In another aspect of the invention, a system for predicting a disease model based on semen routine inspection data is provided, which comprises an acquisition module, a storage module, a matching module, a calculation module and a prediction model, wherein the acquisition module is used for acquiring semen biochemical inspection data, immunological inspection data and vital sign information of a person to be tested; the storage module is used for storing a disease knowledge base corresponding to the semen routine inspection data; the calculation module is used for matching the semen biochemical examination data, the immunological examination data and the vital sign information of the living body detection of the testee with the disease knowledge base, and normalizing the semen biochemical examination data and the immunological examination data to obtain a feature vector of the testee; the prediction model is used for predicting the illness probability of the testee according to the feature vector.

In some embodiments of the present invention, the calculating module performs semantic similarity calculation on the detected sign information of the living body according to the disease knowledge base, so as to obtain a first feature vector.

Further, the calculating module calculates semantic similarity between the disease knowledge base and sign information of living body detection through Euclidean distance to obtain a second feature vector; and obtaining the feature vector of the person to be tested according to the first feature vector and the second feature vector.

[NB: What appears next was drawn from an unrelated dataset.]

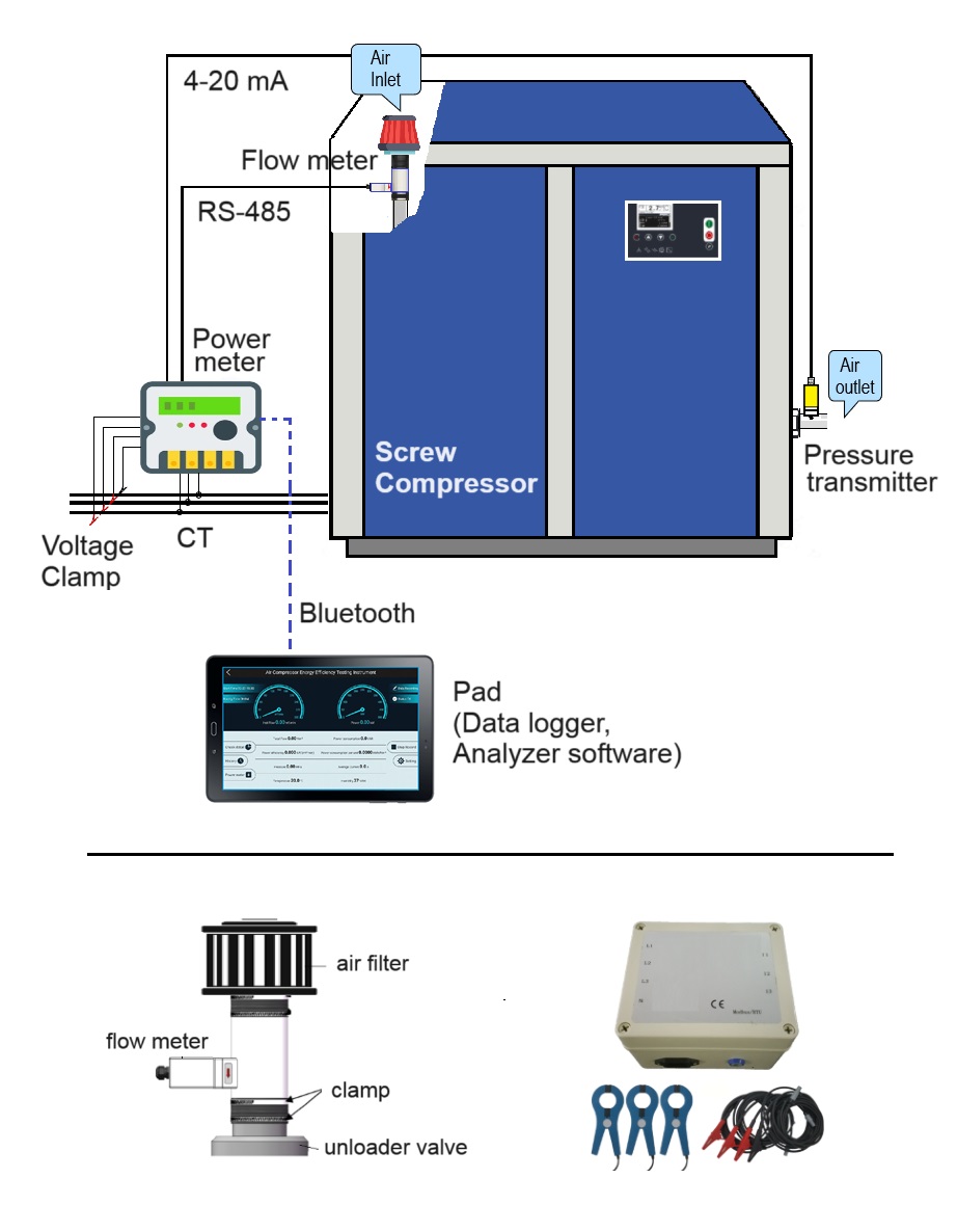 Air compressor performance analyzer, energy consumption analyzer

In some embodiments of the present invention, the prediction model includes a model constructed by the method for constructing a disease prediction model based on semen routine inspection data provided in the first aspect of the present invention.

Further, the predictive model includes a trained radial basis function neural network.

The beneficial effects of the invention are as follows:

1. according to the invention, based on the data set constructed by multiple data sources, the machine learning model is constructed by cleaning and normalizing the data set and then utilizing the Radial Basis Function (RBF), and the probability of the testee suffering from the diseases related to semen can be rapidly predicted through the machine learning model. The method can be used for basic level doctors to learn and reference, is convenient for early prediction and prevention of patients, and has certain popularization and application values.

2. The invention adopts different screening and cleaning methods aiming at different attributes of various semen inspection data, improves the effectiveness and accuracy of the data, reduces the training error and training time of the model, and thus has better robustness.

Drawings

FIG. 1 is a basic flow chart of a method of constructing a disease prediction model based on semen routine inspection data in some embodiments of the invention;

fig. 2 is a schematic structural diagram of a system for predicting a model of a disease based on semen routine inspection data in some embodiments of the invention.

Detailed Description

The principles and features of the present invention are described below with reference to the drawings, the examples are illustrated for the purpose of illustrating the invention and are not to be construed as limiting the scope of the invention.

The invention provides a method for constructing a disease prediction model based on semen routine inspection data, which comprises the following steps: s101, acquiring semen biochemical examination data and immunological examination data of sample groups, and forming a first sample set by physical sign information of living body detection; s102, carrying out data cleaning and standardization on the first sample set according to a disease knowledge base corresponding to semen routine inspection data to form a second sample set; s103, dividing the second sample set into a training set and a verification set, and then taking the training set as the input of a radial basis function neural network; s104, training the radial basis function neural network until the deviation between the output value and the true value is lower than a threshold value, and obtaining a disease prediction model.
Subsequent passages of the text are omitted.